Was wir hören wollen

Lies: 2.Chronik 18,5-27

Aber ich hasse ihn, denn er kündigt mir immer nur Unglück an, nie etwas Gutes! (V.7).

Lesen

Wir alle haben gerne recht. Wir möchten, dass unsere Meinung gehört und respektiert wird. Studien haben sogar gezeigt, dass wir im Internet doppelt so häufig nach Dingen suchen, die unsere Ansichten bestärken. Wenn wir sicher sind, dass wir recht haben, können wir es nicht ausstehen, wenn uns etwas vom Gegenteil überzeugen will.

König Ahab hat genau das getan, als er über Israel herrschte. Als er und Joschafat (der König von Juda) darüber diskutierten, gegen Ramot im Gebiet von Gilead in den Krieg zu ziehen, fragte Ahab 400 Propheten um Rat – Männer, die er zu Propheten gemacht hatte, damit sie ihm sagten, was er hören wollte. Jeder dieser Propheten sagte: „Gott wird dir zum Sieg über [Ramot in Gilead] verhelfen“ (2. Chronik 18,5).

Doch König Joschafat wollte wissen, ob es einen Propheten gibt, der von Gott erwählt worden war, und mit dem sie reden konnten. Ahab wollte das nicht, weil Gottes Prophet Micha „immer nur Unglück an[kündigte], nie etwas Gutes“ (V.7).
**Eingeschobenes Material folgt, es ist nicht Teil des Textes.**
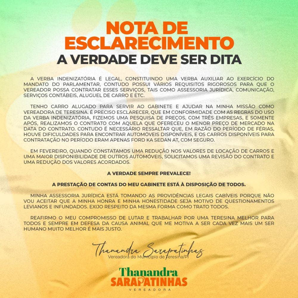 “Tenho carro alugado para servir ao gabinete e ajudar na minha missão como vereadora de Teresina. É preciso esclarecer, que em conformidade com as regras do uso da verba indenizatória, fizemos uma pesquisa de preços, com três empresas, e somente após, realizamos o contrato com aquela que ofereceu menor preço de mercado na data do contrato. Contudo é necessário ressaltar, que em razão do período de férias, houve dificuldades para encontrar automóveis disponíveis, e os carros disponíveis para contratação no período eram apenas Ford Ka Sedan AT, com seguro”, diz trecho da nota publicada pela vereadora.

Und tatsächlich sagte Micha ihnen, dass sie nicht gewinnen würden und dass das Volk „über alle Berge verstreut“ werden würde (V.16).

Wenn ich ihre Geschichte lese, merke ich, wie oft ich gute Ratschläge meide, wenn es nicht das ist, was ich hören möchte. Dass Ahab auf seine „Ja-Sager“ – diese 400 Propheten – hörte, kostete ihm im Endeffekt das Leben (V.34). Wir müssen bereit sein, auf die Stimme der Wahrheit, Gottes Worte in der Bibel, zu hören, auch wenn sie uns auffordert, manche unserer Lebensweisen zu ändern.

So kannst du beten:

Vater hilf mir, auf die Bibel zu hören, auch wenn sie Dinge, die ich tue, in Frage stellt. Bitte hilf mir, so zu leben, dass es dir gefällt.

Die Bibel ist zuverlässig und weise.